DATA TO EXAMINE:

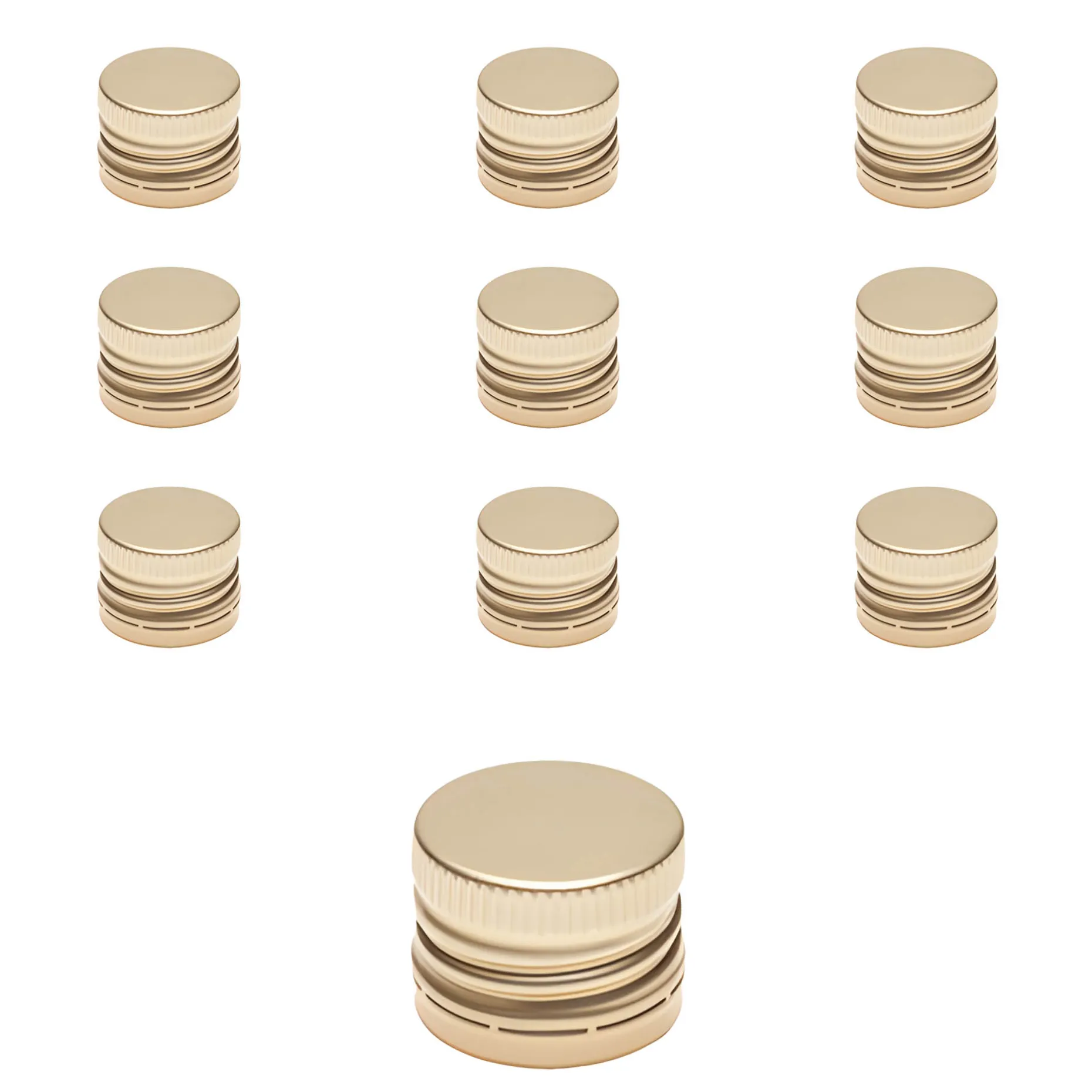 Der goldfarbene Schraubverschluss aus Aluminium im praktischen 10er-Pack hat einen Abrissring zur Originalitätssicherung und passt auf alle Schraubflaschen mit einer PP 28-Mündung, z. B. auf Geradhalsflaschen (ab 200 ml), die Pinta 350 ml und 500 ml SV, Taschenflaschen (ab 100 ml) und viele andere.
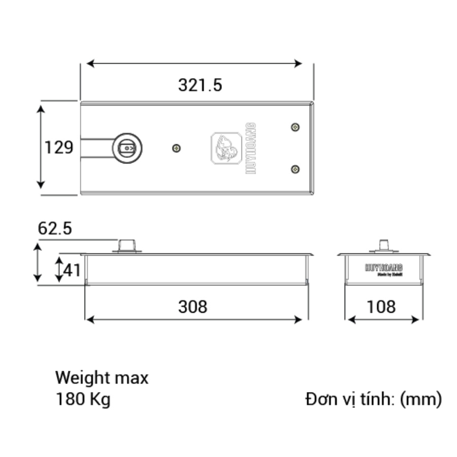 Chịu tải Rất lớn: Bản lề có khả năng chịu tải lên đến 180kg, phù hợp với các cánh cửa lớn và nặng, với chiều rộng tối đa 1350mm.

==

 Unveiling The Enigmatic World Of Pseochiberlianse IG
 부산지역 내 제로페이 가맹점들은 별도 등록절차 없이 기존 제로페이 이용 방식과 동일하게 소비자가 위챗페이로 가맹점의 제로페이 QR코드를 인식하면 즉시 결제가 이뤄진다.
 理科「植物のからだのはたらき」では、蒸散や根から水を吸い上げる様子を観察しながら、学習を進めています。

...

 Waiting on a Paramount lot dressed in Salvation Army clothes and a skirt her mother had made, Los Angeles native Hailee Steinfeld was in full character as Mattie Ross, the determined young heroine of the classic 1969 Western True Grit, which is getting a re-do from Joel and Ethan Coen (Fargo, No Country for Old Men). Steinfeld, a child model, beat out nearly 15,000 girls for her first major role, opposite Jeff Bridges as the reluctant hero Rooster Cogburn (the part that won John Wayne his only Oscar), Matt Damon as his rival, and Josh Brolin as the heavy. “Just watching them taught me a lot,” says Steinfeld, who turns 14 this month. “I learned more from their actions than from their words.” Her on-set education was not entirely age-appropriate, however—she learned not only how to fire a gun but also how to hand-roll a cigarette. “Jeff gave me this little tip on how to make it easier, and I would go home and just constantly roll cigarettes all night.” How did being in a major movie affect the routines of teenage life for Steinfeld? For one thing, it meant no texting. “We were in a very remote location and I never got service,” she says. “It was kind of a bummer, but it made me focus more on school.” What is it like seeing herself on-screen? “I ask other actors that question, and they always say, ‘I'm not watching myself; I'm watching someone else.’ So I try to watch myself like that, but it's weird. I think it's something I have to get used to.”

DIRECTIONS FOR THIS TASK:
Go down the entries above from the line containing "Der goldfarbene Schraubverschluss" to the line containing "Chịu tải Rất" and write out each line exactly, leaving pictures out.

ANSWER BOX:
 Der goldfarbene Schraubverschluss aus Aluminium im praktischen 10er-Pack hat einen Abrissring zur Originalitätssicherung und passt auf alle Schraubflaschen mit einer PP 28-Mündung, z. B. auf Geradhalsflaschen (ab 200 ml), die Pinta 350 ml und 500 ml SV, Taschenflaschen (ab 100 ml) und viele andere.
 Chịu tải Rất lớn: Bản lề có khả năng chịu tải lên đến 180kg, phù hợp với các cánh cửa lớn và nặng, với chiều rộng tối đa 1350mm.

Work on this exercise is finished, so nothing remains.